I walked in the very same shoes in 2006 as well, when -not knowing about LoA at that time- I used Sonia Choquette's book "Your heart's desire" to finding and realising my life's true desires. I felt terrific when I set out, partially due to a major change in my life early that year which had me feeling just great about life on the whole.

I went into some soul searching and decided that I wanted to find my other half, the soul bonded to mine in heaven. I was laid back about the whole thing, it was like some child's play, making a magic box and all that and I really enjoyed the process in itself.

And then out of the blue I came across a total stranger by chance and an inner voice said this is him. At first I wasn't convinced at all, but then synchronicity( I didn't know that something like this existed either back then) started to rush in, and within a few weeks I was utterly convinced that we were what I'd now call twin souls (though I didn't know the term back then either).

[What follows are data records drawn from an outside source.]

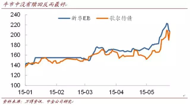 总体来说,转债在牛市冲关是大概率事件,不过往往此时投资者的忧虑其实不全在能否触发赎回,而是是否能够“拿住”券,例如15年时没有赎回条款的新华EB以及没有进入转股期的若干次新券才是最受青睐的品种。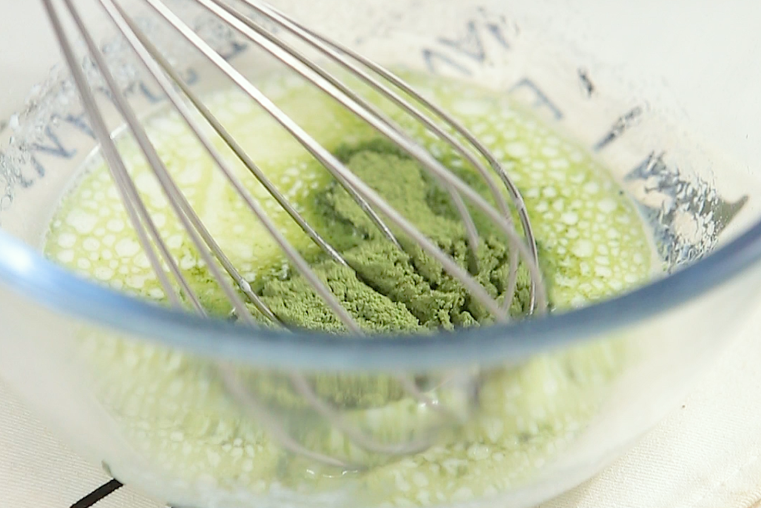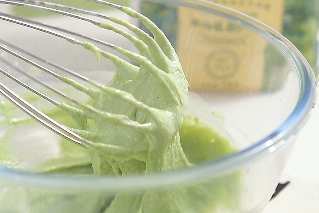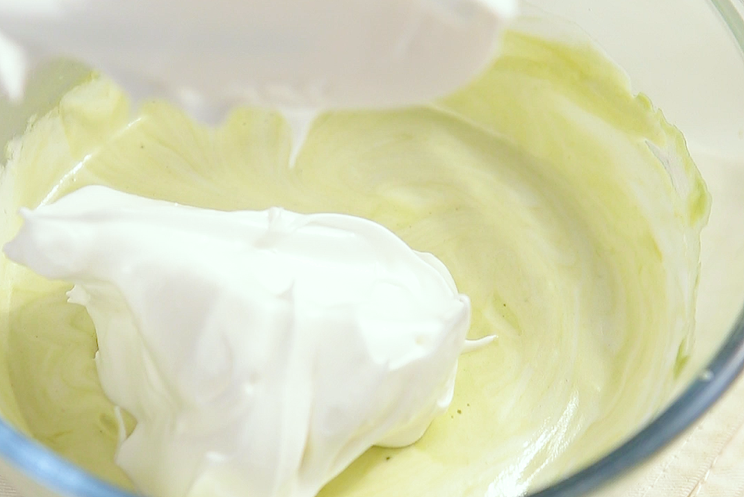 取1/3蛋白与抹茶蛋黄糊搅拌均匀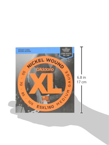 D'Addario ESXL160 Nickel Wound Bass Guitar Strings, Medium, 50-105, Double Ball End, Long Scale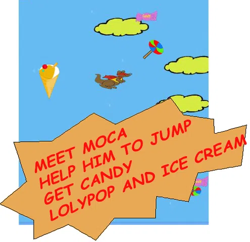 只是跳过金色的云。帮助袋鼠莫卡获得糖果、棒棒糖、冰淇淋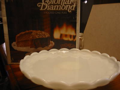 MILK GLASS COLONIAL DIAMOND ANCHOR HOCKING CAKE PLATE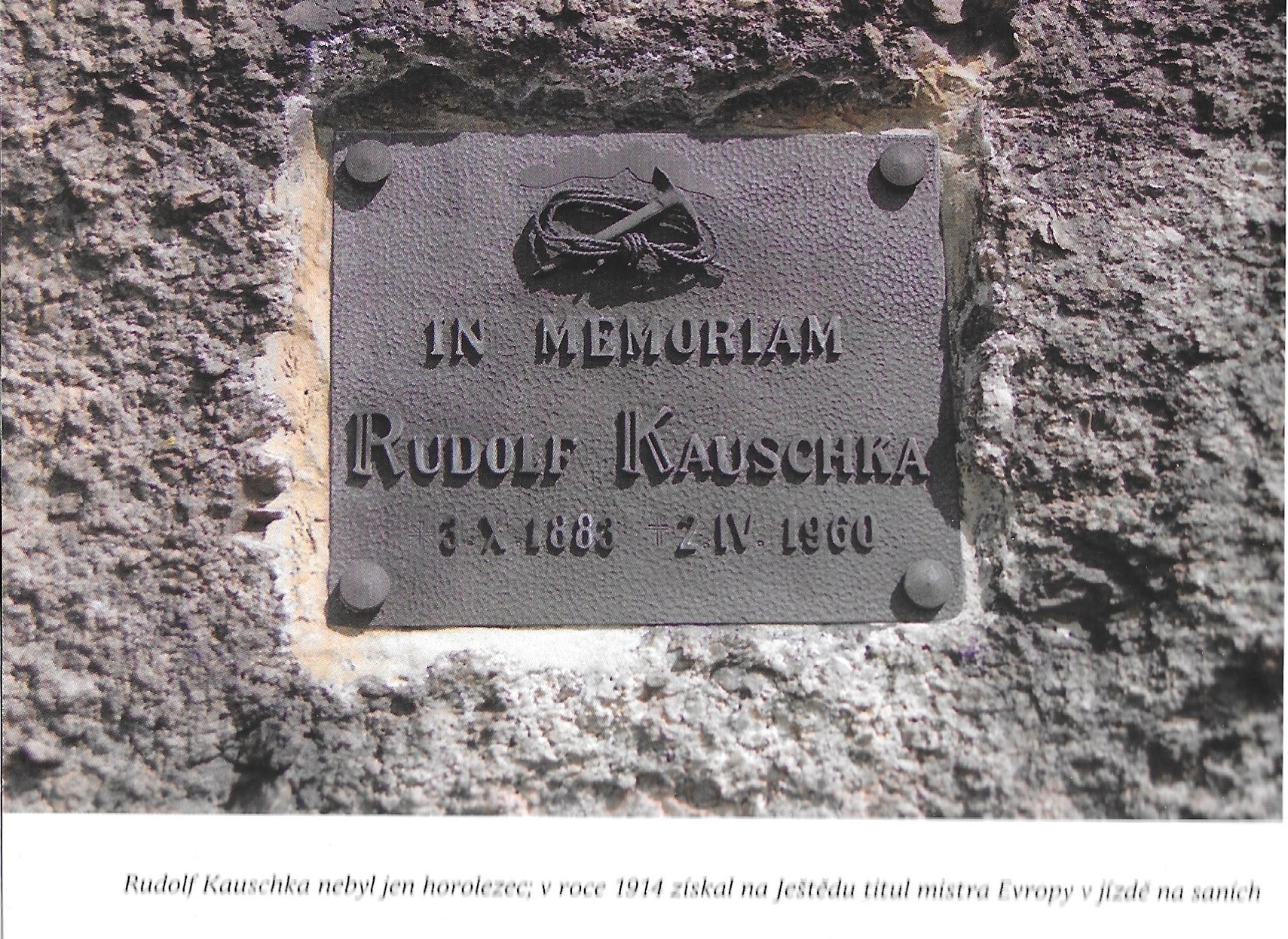 Rudolf Kauschka byl přítelem Gustavova otce, starého pana Ginzela. Ten před desetiletími svolil, abych si opsal dopis, který mu kdysi Kauschka poslal a který se týká právě Náhrobku, skály, na které proslulý jizerskohorský horolezec a autor známé knihy Wandern und Klettern sedával nejraději a do které proto Sigi Weiss umístil jeho tabulku. Nevím ale, přestože překládal i Kauschkovy básně, jestli Sigi Kauschkův dopis o skále Náhrobku zná. Bezpochyby také shořel před třinácti lety na Jizerce. Takže, možná, i tyhle Kauschkovy řádky jsou již unikátem: "Jdeme-li vzhůru Kozí stezkou, přijdeme přibližně naproti "Nosu" ke čtyřhrannému skalnímu bloku, který stojí při pravé straně cesty. Pohlédneme-li odtud nebo z nejbližšího okolí nahoru, zahlédneme také "Náhrobek dost významnou skalní kupu, součást hřebene, který ohraničuje na jižní straně masiv Frýdlantského cimbuří. Vystoupili jsme k němu tenkrát, přicházejíce odspoda, tenkou spárou na levé straně. Přicházejíce sem odshora, můžeme po zmíněném hřebenu proniknout až na štít střechy a potom skrze zářez dojít na ukloněnou plochu, nad níž se zvedá svislá štítová stěna, místo, kde jsem velmi často sedával" Jednu z nejhezčích pamětních tabulek věnovali horolezci Rudolfu Kauschkovi. S láskou ji zhotovil Siegfried Weiss a s přáteli ji v roce 1961 umístili pod převisem skály Náhrobek.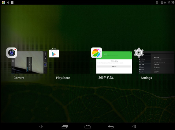 After turning on the device, desktop displays with shortcut icons and arrow panel at the right side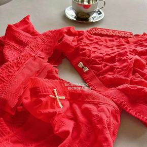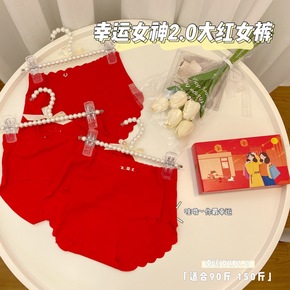 喜庆新年本命年大红内裤褶皱全棉舒适透气纯棉裆蝴蝶结...

Well, what ensued WAS a life changing experience in many ways, but not quiet in the way I expected.

To cut things short at one point everyone told me to let go, my friends on the Net, my family, all were scared, and yet I couldn't let go at that time. It was as if all hell had broken loose, and I had no idea how that could have happened when I'd set out with the best intentions and feeling good about life in general, but I felt compelled to hang in there as best as I could, being a crying, panicky mess at the time.

I'm glad I did. Otherwise I'd have missed out on the experiences that helped me become a more mature and self-reliant person and learn so much about who I am and about the world I live in.

Still I do believe that it might be a good idea in this circumstance to give LoA a rest for now. But I'm aware that any of my thoughts on the subject aren't an unshakeable truth and advice is an offer that comes without an obligation to take it into consideration or act on it.

Have to say ActinglikeGodot to my ears your post sounds heavily annoyed at your previous advice not being followed, and I wonder why you are so angry about that.